Paul’s comments about the Christian family (Ephesians 5, 6) include his command that children should be obedient to their parents in the Lord, “for this is right” (6:1-2).

I want us to think about some of the things scriptures suggests about Jesus and his view of his mother, as he serves as a model for our behavior in everything.

First, as the passage above shows, Jesus cared about his mother’s welfare in his most

painful hour — on  the cross. There are relatively few recorded interactions between Jesus and Mary in Scripture, but this one scene helps us understand, as much as any other, his feelings for her.

The Bible gives us a few instances of things that provide clues to their relationship. For example, there can be little doubt that Jesus, like most young men, could remember things that

happened between them as he grew up in Nazareth. No doubt he often recalled the distress and irritation of his parents when they found him in the temple courts at the age of 12, "…sitting among the teachers, listening to them and asking them questions" (Luke 2:41).
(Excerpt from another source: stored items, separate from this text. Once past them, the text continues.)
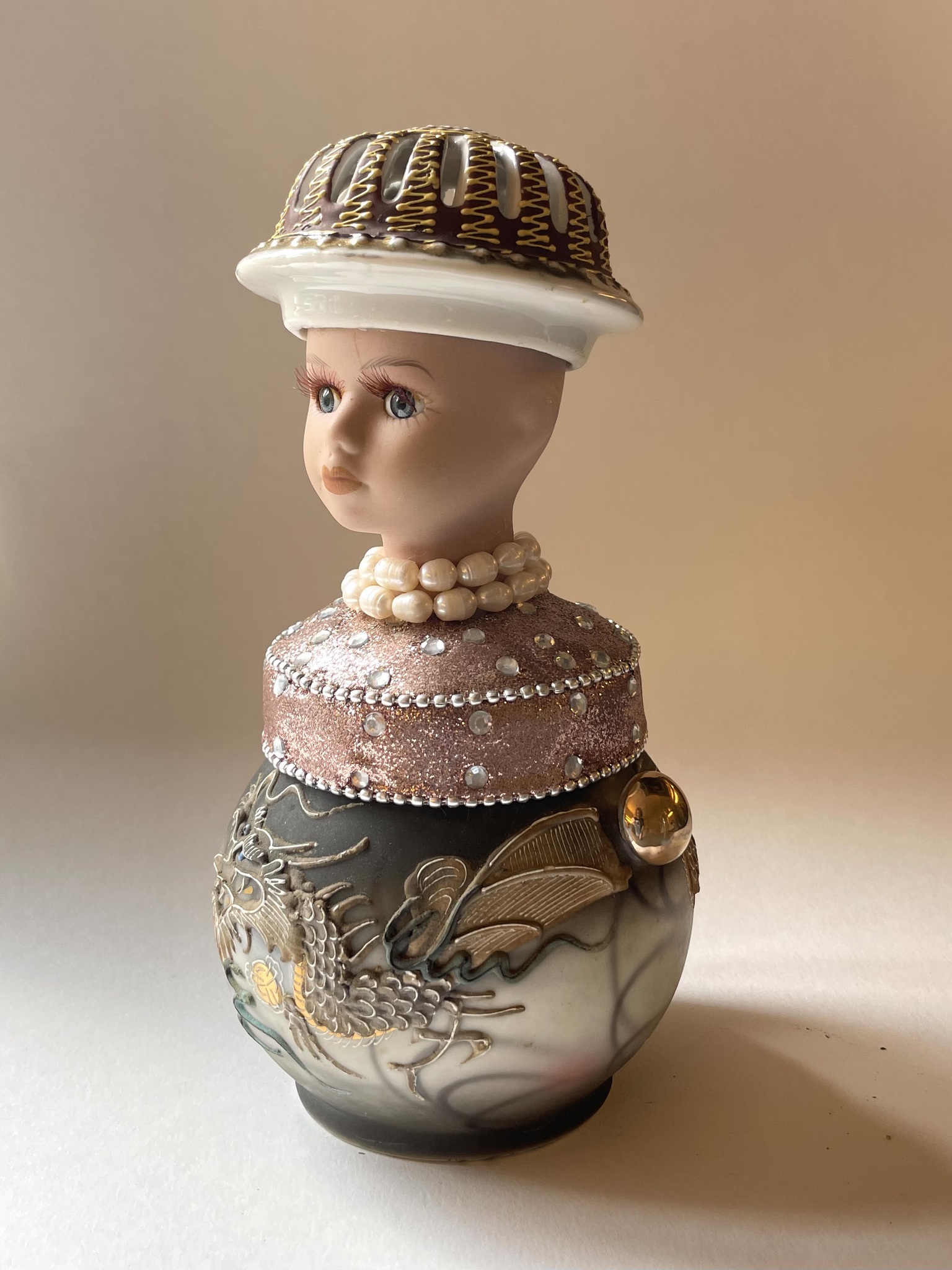 Dit porseleinen poppenhoofdje heb ik een nieuw leven gegeven. Assemblage
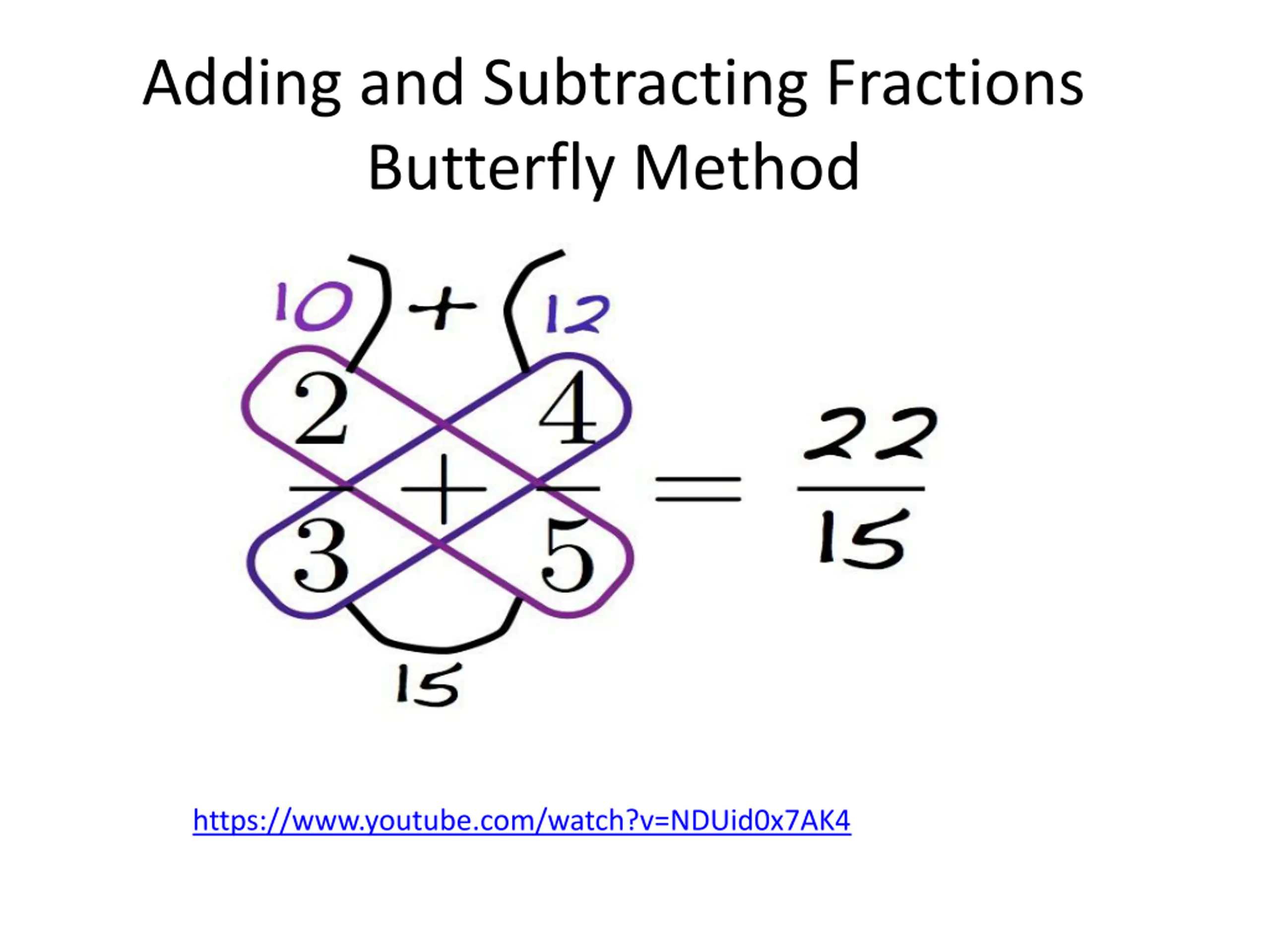 Adding and Subtracting Fractions Butterfly Method https://www.youtube.com/watch?v=NDUid0x7AK4
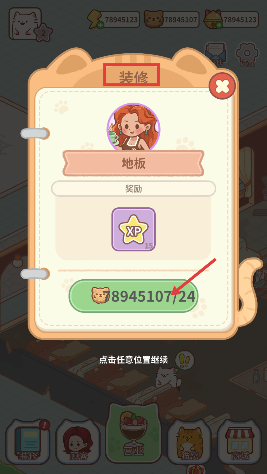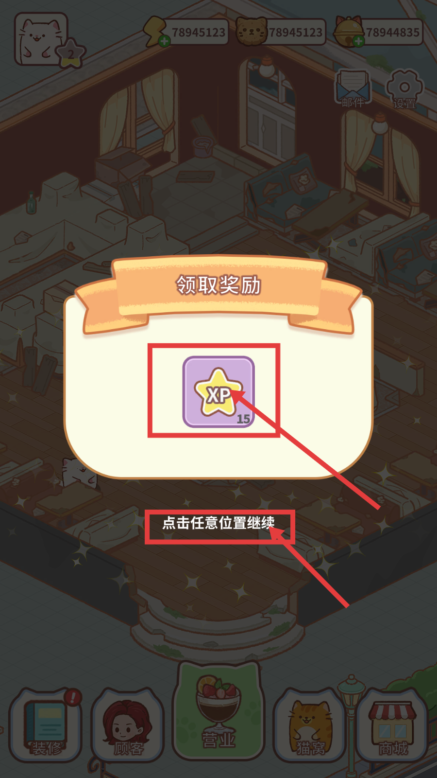 4、装修完成后,领取经验奖励(15XP),提升餐厅等级,为后续装修或营业内容奠定基础。
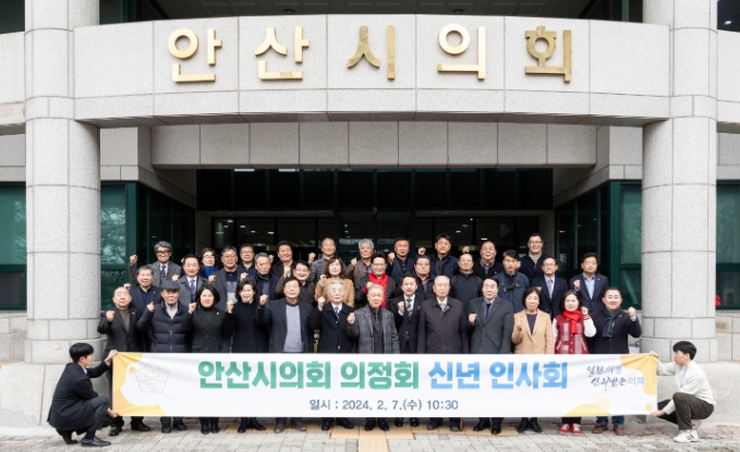 ![]() 안산시의회가 지난 7일 의회 대회의실에서 ‘2024 안산시의정회 신년인사회’를 개최했다. 사진은 이날 참석자들이 의회 앞에서 기념촬영에 임하고 있는 모습. |
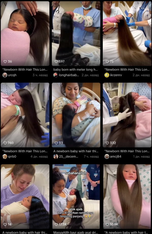 Yekunda bildirək ki, “uzunsaçlı yeni doğulmuş körpə” trendə çevriləndən sonra bu cür körpələri əks etdirən çoxlu sayda digər videolar yayılmaqdadır.

How could he forget the wonder in the eyes of Mary as she "treasured up all these things in her heart" (Luke

2:51). Certainly he remembered how he had been “submissive to them" as he "increased in wisdom and in stature, and in favor with God and man" (Luke 2:51-52).

The Gospel record of the interaction between Jesus and Mary during his brief ministry reveals several important events. When Mary suggested he do something about the lack of wine at a wedding in Cana of Galilee, Jesus reluctantly performed his first miraculous sign. Mary's persistence on this occasion may indicate that she was conscious of his special mission and power (even though he wasn't ready to put himself on public display (John 2:1-11). 

When Jesus’ work caused huge crowds to follow him, Mary and Jesus' brothers “went out to seize him, for they were saying, ‘He is out of his mind’” (Mark 3:20-21). In this same general context, Jesus was told that his mother and brothers were outside looking for him. Jesus replied, "Who are my mother and brothers? …. Whoever does God's will is my brother and sister and mother" (Mark 3:34). At the same time Jesus demonstrated his love and respect for his mother, he also taught the very important lesson that "Whoever loves father or mother more than me is not worthy of me, and whoever loves son or daughter more than me is not worthy of me" (Matthew 10:37).

Even though his family often struggled with his teachings and his actions, Mary's love for him led her to stand "near the cross of Jesus" as he was dying for the sins of mankind. Mary,

along with his brothers, having accepted him as Lord and Savior, gathered with a group of disciples in a room in Jerusalem following Jesus' ascension (Acts 1:12-14).

On Mother's Day – and every day – we have an obligation and the privilege of honoring our mothers, whether she is our mother, or the mother of our children.